Recommendation: Make dbPath an explicit parameter on every tool function that needs it. This makes data flow
visible, eliminates the SetDBPath function entirely, and makes the tools package side-effect-free and
testable in parallel without mutexes. The Input structs already exist for every tool — add DBPath string to
them (or a dedicated DBConfig struct embedded in each input).
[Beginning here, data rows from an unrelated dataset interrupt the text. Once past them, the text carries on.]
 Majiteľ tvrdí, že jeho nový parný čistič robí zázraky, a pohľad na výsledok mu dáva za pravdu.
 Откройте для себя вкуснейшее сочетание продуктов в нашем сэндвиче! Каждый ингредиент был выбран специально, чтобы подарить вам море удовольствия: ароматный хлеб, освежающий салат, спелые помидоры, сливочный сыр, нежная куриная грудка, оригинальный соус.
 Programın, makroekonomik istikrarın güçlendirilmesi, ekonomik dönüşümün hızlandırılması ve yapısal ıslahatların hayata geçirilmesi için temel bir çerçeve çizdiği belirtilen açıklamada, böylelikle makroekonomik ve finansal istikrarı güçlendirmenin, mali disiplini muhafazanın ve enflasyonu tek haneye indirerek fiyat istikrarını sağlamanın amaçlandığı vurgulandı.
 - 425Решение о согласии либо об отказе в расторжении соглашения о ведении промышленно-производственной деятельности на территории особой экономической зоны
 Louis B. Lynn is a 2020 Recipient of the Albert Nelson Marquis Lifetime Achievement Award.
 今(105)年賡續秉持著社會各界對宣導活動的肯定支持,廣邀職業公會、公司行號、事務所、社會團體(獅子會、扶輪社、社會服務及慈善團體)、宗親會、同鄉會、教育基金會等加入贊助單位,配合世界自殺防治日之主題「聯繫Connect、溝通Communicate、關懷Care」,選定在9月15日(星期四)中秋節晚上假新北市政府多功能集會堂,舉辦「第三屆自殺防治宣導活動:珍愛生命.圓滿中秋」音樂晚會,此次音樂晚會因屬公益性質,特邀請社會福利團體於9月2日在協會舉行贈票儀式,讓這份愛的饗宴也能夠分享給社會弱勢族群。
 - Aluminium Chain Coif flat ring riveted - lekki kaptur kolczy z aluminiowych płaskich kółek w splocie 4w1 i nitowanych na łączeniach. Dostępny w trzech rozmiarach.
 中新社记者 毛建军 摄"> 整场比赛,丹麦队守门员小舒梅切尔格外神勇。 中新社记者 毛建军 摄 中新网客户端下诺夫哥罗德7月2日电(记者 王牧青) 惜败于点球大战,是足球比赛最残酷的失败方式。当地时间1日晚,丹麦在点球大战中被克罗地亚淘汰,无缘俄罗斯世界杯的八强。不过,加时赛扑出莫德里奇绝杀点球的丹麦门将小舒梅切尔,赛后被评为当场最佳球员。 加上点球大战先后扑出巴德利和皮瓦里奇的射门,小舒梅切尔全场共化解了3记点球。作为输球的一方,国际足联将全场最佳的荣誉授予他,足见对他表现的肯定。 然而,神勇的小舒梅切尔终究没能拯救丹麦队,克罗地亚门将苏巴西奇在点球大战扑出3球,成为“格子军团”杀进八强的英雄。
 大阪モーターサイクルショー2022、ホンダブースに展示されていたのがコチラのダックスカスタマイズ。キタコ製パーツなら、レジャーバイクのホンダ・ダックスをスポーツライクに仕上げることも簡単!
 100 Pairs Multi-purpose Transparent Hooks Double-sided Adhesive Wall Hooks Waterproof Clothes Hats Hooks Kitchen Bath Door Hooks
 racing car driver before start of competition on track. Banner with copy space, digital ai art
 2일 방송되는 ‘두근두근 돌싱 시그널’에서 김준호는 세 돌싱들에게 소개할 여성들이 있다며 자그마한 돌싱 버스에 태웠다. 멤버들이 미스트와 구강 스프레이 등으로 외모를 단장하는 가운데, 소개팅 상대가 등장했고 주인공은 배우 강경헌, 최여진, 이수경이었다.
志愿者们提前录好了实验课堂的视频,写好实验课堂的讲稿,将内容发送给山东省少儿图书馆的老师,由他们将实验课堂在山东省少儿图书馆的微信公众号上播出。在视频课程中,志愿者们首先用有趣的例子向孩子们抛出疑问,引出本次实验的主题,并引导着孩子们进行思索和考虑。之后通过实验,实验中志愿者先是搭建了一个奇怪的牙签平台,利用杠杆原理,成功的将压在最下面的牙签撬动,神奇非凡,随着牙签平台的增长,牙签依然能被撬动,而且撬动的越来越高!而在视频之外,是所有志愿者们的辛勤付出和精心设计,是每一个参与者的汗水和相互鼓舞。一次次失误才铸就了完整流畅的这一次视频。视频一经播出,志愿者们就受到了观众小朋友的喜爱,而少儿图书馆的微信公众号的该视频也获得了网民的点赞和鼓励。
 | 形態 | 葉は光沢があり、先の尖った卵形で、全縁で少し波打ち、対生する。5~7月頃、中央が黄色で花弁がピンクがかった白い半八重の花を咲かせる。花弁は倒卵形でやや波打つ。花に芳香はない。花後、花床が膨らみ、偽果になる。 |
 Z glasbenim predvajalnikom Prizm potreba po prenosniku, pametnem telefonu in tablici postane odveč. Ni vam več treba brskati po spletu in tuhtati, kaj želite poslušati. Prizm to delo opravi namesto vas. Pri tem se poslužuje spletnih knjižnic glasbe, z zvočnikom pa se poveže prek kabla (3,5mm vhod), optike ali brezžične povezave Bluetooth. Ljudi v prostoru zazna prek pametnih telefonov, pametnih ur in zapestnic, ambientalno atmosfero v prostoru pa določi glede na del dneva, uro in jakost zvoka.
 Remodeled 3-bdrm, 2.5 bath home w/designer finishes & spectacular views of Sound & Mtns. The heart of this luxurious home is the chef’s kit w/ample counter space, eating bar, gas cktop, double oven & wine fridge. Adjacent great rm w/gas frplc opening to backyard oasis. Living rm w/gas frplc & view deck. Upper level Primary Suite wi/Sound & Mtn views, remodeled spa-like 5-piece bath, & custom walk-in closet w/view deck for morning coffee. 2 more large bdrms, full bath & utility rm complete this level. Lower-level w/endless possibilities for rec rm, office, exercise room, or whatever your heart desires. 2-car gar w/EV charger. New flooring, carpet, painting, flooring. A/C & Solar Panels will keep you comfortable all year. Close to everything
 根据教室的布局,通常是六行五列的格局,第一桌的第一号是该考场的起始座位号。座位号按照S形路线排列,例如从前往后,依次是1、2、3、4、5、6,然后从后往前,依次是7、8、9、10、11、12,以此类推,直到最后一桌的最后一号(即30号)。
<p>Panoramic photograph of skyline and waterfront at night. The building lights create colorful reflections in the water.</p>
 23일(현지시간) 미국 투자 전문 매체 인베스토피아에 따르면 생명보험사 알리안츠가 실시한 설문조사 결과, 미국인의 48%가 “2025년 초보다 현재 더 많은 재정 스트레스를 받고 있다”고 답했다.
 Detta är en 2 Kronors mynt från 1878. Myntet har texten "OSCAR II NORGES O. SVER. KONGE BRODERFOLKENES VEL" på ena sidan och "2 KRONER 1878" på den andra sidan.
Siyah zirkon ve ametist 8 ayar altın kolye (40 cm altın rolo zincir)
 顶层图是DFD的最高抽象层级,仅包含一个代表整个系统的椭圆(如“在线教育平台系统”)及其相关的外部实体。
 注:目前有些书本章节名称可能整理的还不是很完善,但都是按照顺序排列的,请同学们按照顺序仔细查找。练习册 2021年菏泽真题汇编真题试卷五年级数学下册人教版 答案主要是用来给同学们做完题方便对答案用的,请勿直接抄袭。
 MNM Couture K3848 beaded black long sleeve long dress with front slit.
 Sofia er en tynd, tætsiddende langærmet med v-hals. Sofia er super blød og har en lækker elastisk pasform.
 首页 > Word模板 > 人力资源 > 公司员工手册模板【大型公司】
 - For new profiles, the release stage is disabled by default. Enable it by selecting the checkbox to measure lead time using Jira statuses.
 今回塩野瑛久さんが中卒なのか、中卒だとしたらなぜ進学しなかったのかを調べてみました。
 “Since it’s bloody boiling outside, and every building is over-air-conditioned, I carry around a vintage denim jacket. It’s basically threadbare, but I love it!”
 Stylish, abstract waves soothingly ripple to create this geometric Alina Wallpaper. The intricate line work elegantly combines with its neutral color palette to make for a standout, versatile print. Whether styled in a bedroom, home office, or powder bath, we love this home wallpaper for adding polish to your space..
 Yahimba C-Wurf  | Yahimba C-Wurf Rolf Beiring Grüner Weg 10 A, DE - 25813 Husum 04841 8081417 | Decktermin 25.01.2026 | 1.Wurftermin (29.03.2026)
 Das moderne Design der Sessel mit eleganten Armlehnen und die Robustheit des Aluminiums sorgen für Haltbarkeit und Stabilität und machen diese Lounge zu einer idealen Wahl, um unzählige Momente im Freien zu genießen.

────────────────────────────────────────────────────────────────────────────────
2. Duplicated Validation/Verification Functions
There are 8 local verify/validate functions in tools/ that duplicate or partially overlap with
db/validation.go:
┌─────────────────────────────────────────────────┬────────────────────────────────────┬────────────────────┐
│ Local (tools/) │ db/ equivalent │ Used by │
├─────────────────────────────────────────────────┼────────────────────────────────────┼────────────────────┤
│ verifyDatasetActive(*sql.DB) │ db.DatasetExistsAndActive(Querier) │ 1 caller │
│ │ │ (dataset.go) │
├─────────────────────────────────────────────────┼────────────────────────────────────┼────────────────────┤
│ verifyDatasetExistsAndActive(Querier) │ wraps db.DatasetExistsAndActive │ location.go │
├─────────────────────────────────────────────────┼────────────────────────────────────┼────────────────────┤
│ verifyLocationExistsAndActive(interface{QueryRo │ db.LocationBelongsToDataset(Querie │ location.go │
│ w...}) │ r) │ │
├─────────────────────────────────────────────────┼────────────────────────────────────┼────────────────────┤
│ verifyPatternExistsAndActive(*sql.DB) │ none in db/ │ pattern.go │
├─────────────────────────────────────────────────┼────────────────────────────────────┼────────────────────┤
│ verifyPatternExists(*LoggedTx) │ none │ cluster.go │
├─────────────────────────────────────────────────┼────────────────────────────────────┼────────────────────┤
│ validateClusterActive(*sql.DB) │ none │ cluster.go │
├─────────────────────────────────────────────────┼────────────────────────────────────┼────────────────────┤
│ validateClusterCyclicPattern(*sql.DB) │ none │ cluster.go │
├─────────────────────────────────────────────────┼────────────────────────────────────┼────────────────────┤
│ validateCyclicPattern(*sql.DB) │ none │ cluster.go │
└─────────────────────────────────────────────────┴────────────────────────────────────┴────────────────────┘
Problems:
- Inconsistent parameter types: some take *sql.DB, some take db.Querier, some take inline
interface{QueryRow...} — this is confusing
- verifyDatasetActive in dataset.go duplicates db.DatasetExistsAndActive but with a different signature and
error message
- verifyLocationExistsAndActive defines an anonymous interface instead of using db.Querier
Recommendation: Consolidate all entity-exists-and-active checks into db/validation.go using the db.Querier
interface consistently. Delete the local duplicates in tools/. The existing db.Querier interface is good —
extend it and use it everywhere.
────────────────────────────────────────────────────────────────────────────────
3. High Cyclomatic Complexity (40+ Functions ≥ 11)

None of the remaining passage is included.